One of the major challenges in oncology today is the persistent growth and spread of cancer, even when diagnosed and treated early. Compounding this problem is cancer’s ability to adapt and develop resistance to treatment. As a result, primary therapies, often developed at great cost and effort, become less effective than intended. This often leads to unresectable tumors and metastatic disease, reducing treatment options and patient outcomes.
A key mechanism enabling this resilience is the overexpression of heparanase, an enzyme that degrades the extracellular matrix (ECM). This degradation releases growth factors and signaling molecules, triggering cascades that drive cancer cell proliferation, invasion, and metastasis. Moreover, heparanase overexpression is linked to the development of drug resistance, further complicating treatment.

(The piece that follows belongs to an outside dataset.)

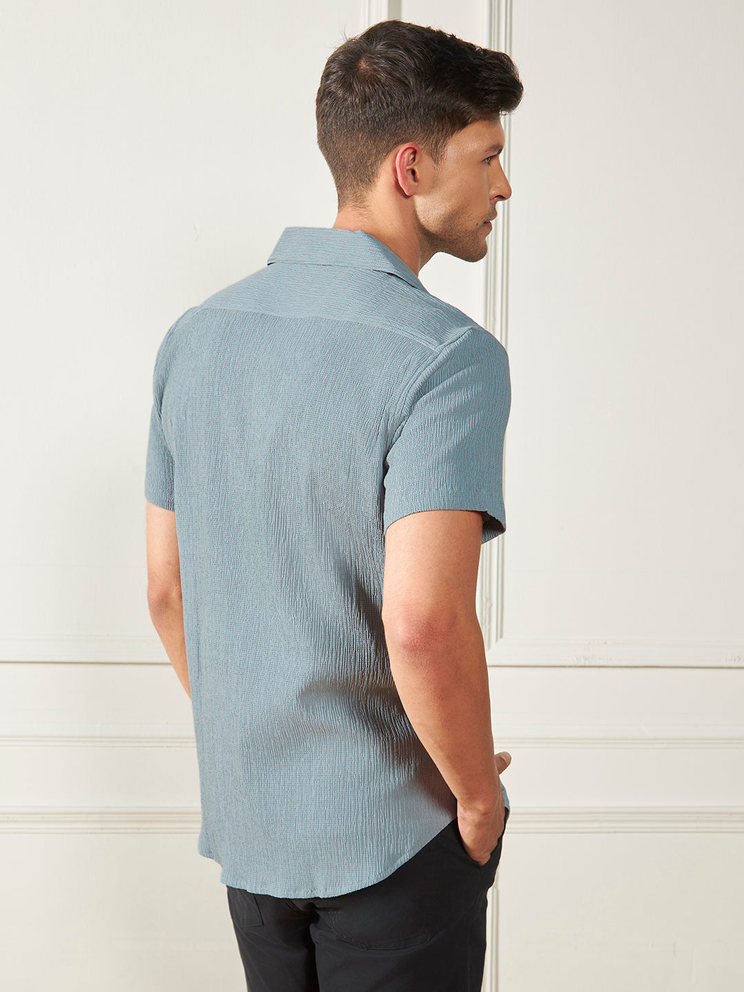 Men's Self-Design Grey Slim Fit Casual Shirt Spread Collar
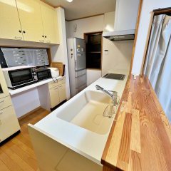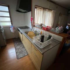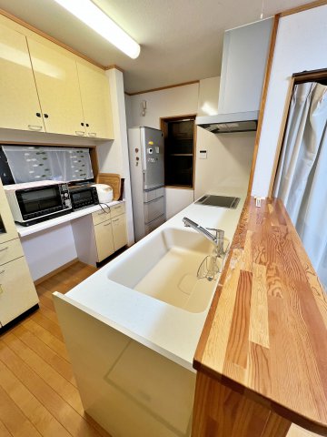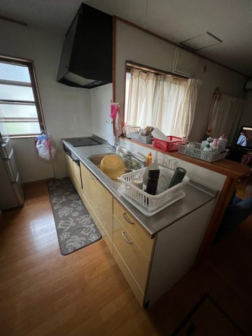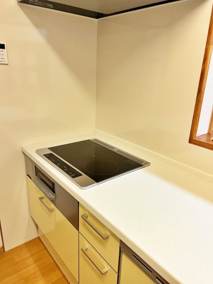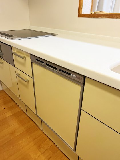 現地調査にお伺いしたところ、ブーツ型レンジフード、ステンレスシンク、カウンターだったので、お手入れが難しそう。

Targeting heparanase offers a promising therapeutic strategy. Inhibiting this enzyme restores the integrity of the ECM, disrupting the tumor microenvironment and resulting in reduced tumor growth, metastasis, and angiogenesis. This underscores the enzyme’s central role in cancer progression and highlights the potential of heparanase inhibitors as effective anticancer therapeutics.
To address this need, researchers at Leiden University have developed a proprietary library of rationally designed heparanase inhibitors. These compounds are based on the enzyme’s natural substrate, heparan sulfate, and are designed to covalently bind to its active site, causing irreversible inhibition. Among these, the lead compound VL166 has demonstrated significant efficacy in reducing cancer aggression in preclinical in vivo murine models.